◆ **Goal of the exercise**: All lines of the material below that include the string "template" are to be copied.

◆ **Source information**:
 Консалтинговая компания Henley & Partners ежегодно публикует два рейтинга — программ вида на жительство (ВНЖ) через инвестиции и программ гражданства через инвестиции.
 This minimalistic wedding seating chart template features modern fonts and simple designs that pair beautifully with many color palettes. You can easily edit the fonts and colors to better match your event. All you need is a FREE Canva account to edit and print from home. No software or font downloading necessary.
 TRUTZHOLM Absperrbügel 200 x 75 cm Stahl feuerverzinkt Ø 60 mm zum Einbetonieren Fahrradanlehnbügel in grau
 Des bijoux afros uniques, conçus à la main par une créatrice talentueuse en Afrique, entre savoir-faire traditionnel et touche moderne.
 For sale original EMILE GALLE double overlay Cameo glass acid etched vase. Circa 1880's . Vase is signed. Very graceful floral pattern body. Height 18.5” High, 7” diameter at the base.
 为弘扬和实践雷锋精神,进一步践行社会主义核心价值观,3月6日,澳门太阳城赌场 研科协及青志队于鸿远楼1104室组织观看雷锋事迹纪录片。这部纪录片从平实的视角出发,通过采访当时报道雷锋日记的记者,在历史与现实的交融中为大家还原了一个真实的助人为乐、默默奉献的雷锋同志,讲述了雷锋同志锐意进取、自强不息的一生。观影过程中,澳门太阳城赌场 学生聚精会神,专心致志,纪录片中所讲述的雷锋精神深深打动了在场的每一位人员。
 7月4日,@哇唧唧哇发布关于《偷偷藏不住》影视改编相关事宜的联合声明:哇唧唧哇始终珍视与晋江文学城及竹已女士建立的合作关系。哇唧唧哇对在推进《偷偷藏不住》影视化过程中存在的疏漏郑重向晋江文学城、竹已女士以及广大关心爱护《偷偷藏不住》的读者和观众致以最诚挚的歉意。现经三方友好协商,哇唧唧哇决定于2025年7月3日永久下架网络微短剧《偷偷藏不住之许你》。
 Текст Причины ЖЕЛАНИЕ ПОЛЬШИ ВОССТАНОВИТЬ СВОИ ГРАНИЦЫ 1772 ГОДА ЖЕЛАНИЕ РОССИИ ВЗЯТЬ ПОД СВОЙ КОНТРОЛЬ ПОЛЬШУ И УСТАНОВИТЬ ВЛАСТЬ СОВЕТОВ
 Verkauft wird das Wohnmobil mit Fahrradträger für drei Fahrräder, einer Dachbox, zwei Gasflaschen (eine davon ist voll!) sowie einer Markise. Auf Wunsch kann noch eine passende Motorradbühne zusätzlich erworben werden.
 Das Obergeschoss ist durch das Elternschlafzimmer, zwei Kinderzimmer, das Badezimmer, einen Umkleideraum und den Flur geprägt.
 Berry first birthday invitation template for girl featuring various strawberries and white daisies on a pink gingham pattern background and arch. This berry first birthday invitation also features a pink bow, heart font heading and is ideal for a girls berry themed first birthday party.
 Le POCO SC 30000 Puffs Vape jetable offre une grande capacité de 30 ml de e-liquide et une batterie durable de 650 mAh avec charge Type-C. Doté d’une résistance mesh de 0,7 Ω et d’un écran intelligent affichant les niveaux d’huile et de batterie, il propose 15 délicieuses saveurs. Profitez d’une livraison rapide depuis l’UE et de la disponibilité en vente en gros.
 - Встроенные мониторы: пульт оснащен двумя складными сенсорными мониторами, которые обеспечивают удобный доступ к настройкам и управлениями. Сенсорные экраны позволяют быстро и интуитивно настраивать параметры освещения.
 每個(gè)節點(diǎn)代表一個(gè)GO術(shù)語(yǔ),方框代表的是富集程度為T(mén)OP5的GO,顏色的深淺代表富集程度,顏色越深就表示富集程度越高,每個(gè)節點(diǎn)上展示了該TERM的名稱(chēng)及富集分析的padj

◆ **Answer box**:
 This minimalistic wedding seating chart template features modern fonts and simple designs that pair beautifully with many color palettes. You can easily edit the fonts and colors to better match your event. All you need is a FREE Canva account to edit and print from home. No software or font downloading necessary.
 Berry first birthday invitation template for girl featuring various strawberries and white daisies on a pink gingham pattern background and arch. This berry first birthday invitation also features a pink bow, heart font heading and is ideal for a girls berry themed first birthday party.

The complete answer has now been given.